Норкин: А, боитесь? Увиливаете от ответа? А вы подумайте, вы только представьте, как бы он потом чувствовал себя в избушке, видя, как мучаются Неля и Вася? Ведь он бы понимал, что упустил единственный шанс облегчить наше положение медикаментами. В ту ночь он лучше всех нас сознавал, что вернуться от избушки к лабазу, а тем более к палатке гораздо труднее. Лучше сделать сразу крюк и догнать группу по следам. До вас это доходит?
Прокурор: Но ведь он же вас обманул. Сказал, что пойдет к лабазу, а на самом деле пошел к палатке.
Норкин: Да, обманул. И я бы на его месте тоже пошел на такой обман.

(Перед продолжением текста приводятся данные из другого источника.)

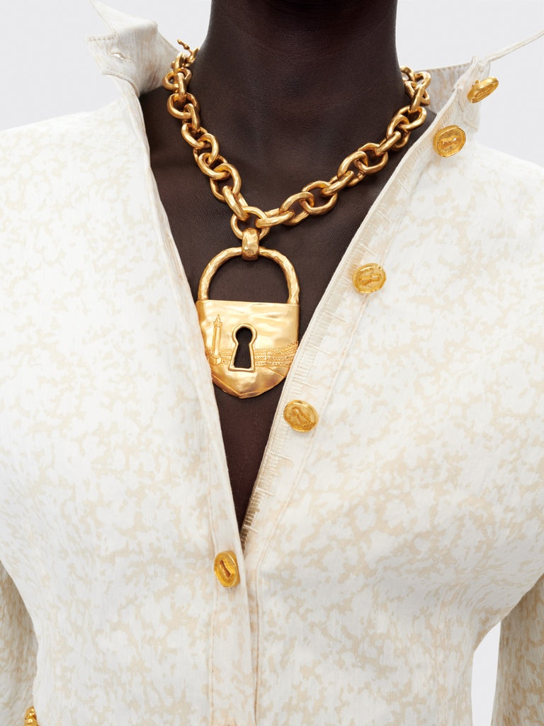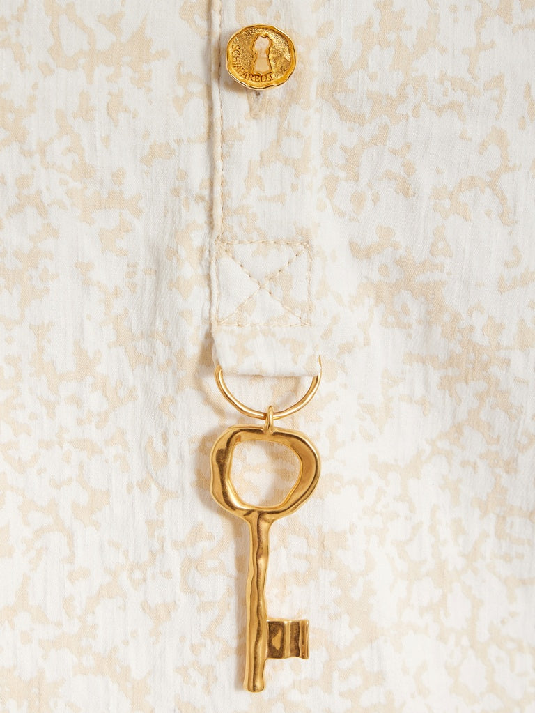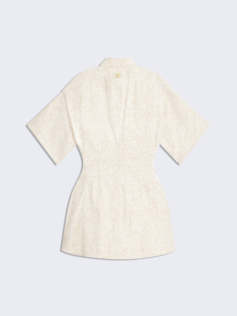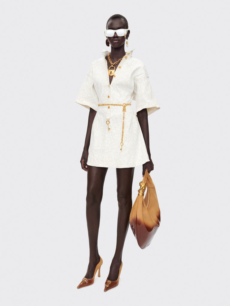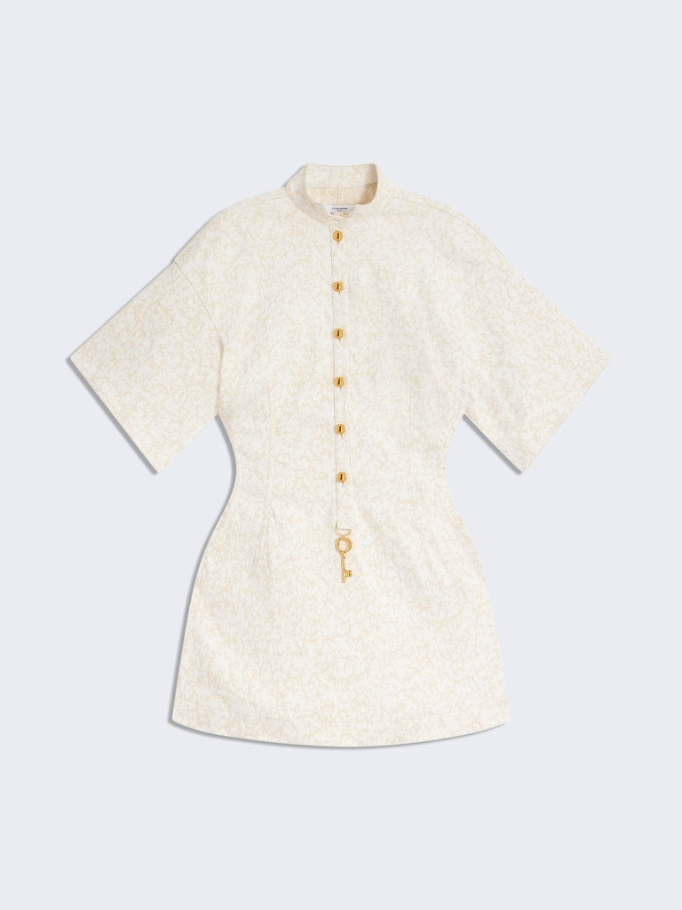 Cette mini robe est réalisée en tissu stretch écru rehaussé d'un jacquard effet délavé. Elle est rehaussée d'un décolleté vertigineux et d'une Clé bijou décorative en métal doré sur le devant, et d'une broderie Mètre Ruban signature en fil doré le long de l'encolure au côté gauche.
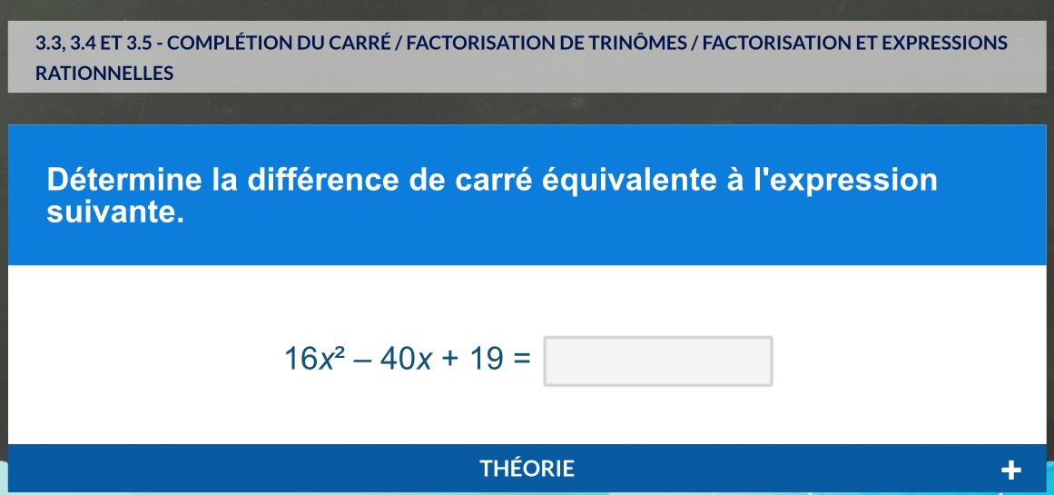 Pour trouver une différence de carrés équivalente à l'expression initiale, tu dois effectuer une complétion du carré.

Разве бы мы его отпустили, если бы знали, что он пойдет к палатке? Это же верная смерть.
Прокурор: Да, тут вы правы. Так оно и получилось. И все же вернемся к началу: вы были последним, кто разговаривал с Сосновским. Что он вам сказал?
Норкин: Он сказал: "Я вас догоню. В лабазе остались лыжи, на лыжах я вас быстро догоню".
Прокурор: Вы пытались его остановить?
Норкин: Я просился идти с ним, но он сказал: "Лыж только одна пара". Это было резонно, и я не пошел.
Прокурор: Что он еще сказал?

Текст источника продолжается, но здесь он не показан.